Aku tidak tau harus kemana, sudah pukul setengah dua belas malam. Kuhelakan nafas panjang, aku sampai ke taman yang tadi. Kulihat hpku, hanya ada BBM dari Elang, kubiarkan tetap tak terbaca, aku masih belum tau harus jawab 'kesan-kesan' ku atas pertemuan dengan sepupu yang dulu dia banggakan, karena berani mengambil resiko untuk memperjuangkan cintanya. Pindah agama untuk lelaki yang dia cintai, dan lelaki itu adalah simpananku, dan akupun simpanannya.

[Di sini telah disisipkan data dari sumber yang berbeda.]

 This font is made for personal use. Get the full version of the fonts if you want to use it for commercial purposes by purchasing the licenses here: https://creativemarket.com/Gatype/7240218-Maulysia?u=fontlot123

Aku menangis di taman yang mulai sepi itu, aku bingung harus kemana, jika aku pulang ibu akan bertanya kenapa aku meninggalkan Ricardo, mau ke rumah Febri satu-satunya teman perempuanku juga tidak mungkin, orang tuanya teman dekat Ibuku, apa yang akan dikatakan mereka jika jam segini aku kebingungan mau tidur di mana. Kembali ke RS? Tidak, nyaliku sedang ciut, aku takut, takut dan gemetar tiap kali Dini menatap mataku. Aku juga tidak bisa membiarkan Ricardo melihat keadaanku seperti ini.
-SMS-
"Selamat tidur, Sinar" SMS dari Bayang.
Bayang? Apa aku harus meminta bantuan dari dia? Hampir jam dua belas malam, dan aku masih belum tau akan tidur di mana malam ini, aku harus bergerak dari sini, taman mulai dingin dan makin sepi. Kuputuskan untuk membalas SMS Bayang. Duh, SMS gak ya. Gak, gue gak boleh ragu, gue gak mungkin ketemu Radit sekarang. Bayang.

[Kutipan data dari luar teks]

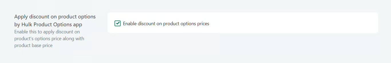 Navigate to our app>> Settings>>Advanced Settings>>Apply discount on product options by Hulk Product Options app and enable it and Save the settings.

"Bisa jemput gue sekarang di Taman Sudirman sekarang? Gue butuuh tempat nginep untuk malam ini" isi SMSku ke Bayang. Duh.. dia mau gak ya. Hhhhh..ngapain sih aku SMS dia, mending tadi minta Radit aja.  Sudah 10 menit smsku gak dibalas Bayang. Nyesel tadi SMS dia.

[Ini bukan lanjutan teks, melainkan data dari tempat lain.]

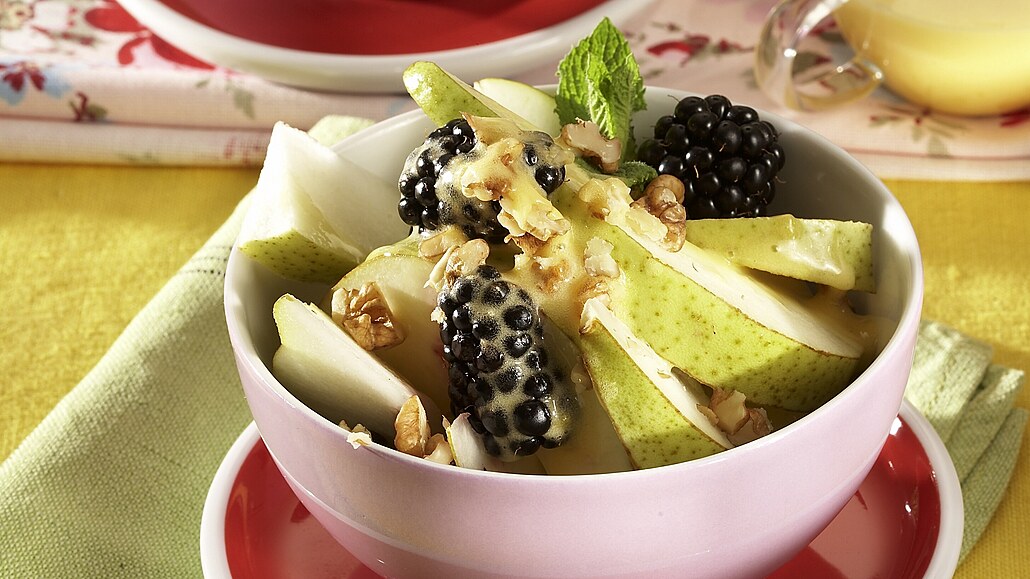 - Všechno ovoce vložíme do mísy a zlehka promícháme. Salát rozdělíme do mističek. Jednotlivé porce přelijeme vinnou omáčkou a posypeme sekanými ořechy. Navrch je můžeme dozdobit lístečky máty.

"Oke, aku sudah di jalan, kamu sendirian di taman?" SMS Bayang.
"Iya, di bangku dekat air mancur" balasku.

Jakarta, 13 Juni 2011

Tidak sampai lima belas menit setelah SMS darinya, Bayang sampai. Dia tersenyum dan memberikan jaket kepadaku, mengambil tasku dan membawakannya.
"Ayo, sudah malam, dingin di sini, pakai jaketnya" aku menuruti ucapannya, kupakai jaket yang dia berikan tadi, tangan kanannya menggandengku dan tangan kirinya membawa tasku.
Dia tidak bertanya sedang apa aku semalam itu di taman sendirian, air mataku, mata sembabku, tidak dia tanyakan sama sekali, lagi-lagi dia diam saat menyetir. Kami masuk ke sebuah apartement di kawasan Jakarta Selatan. Sudah sangat sepi sekali, kutengok hpku ternyata sudah jam satu malam. Aku memberi kabar kepada Ricardo, bahwa aku sedang sendiri dan menginap di hotel, nanti pagi-pagi sekali aku akan ke RS, dan  jangan sampai ada yang tau, kalau malam ini aku tidak menginap di RS. Ricardo tidak membaca BBMku, mungkin dia sudah tidur.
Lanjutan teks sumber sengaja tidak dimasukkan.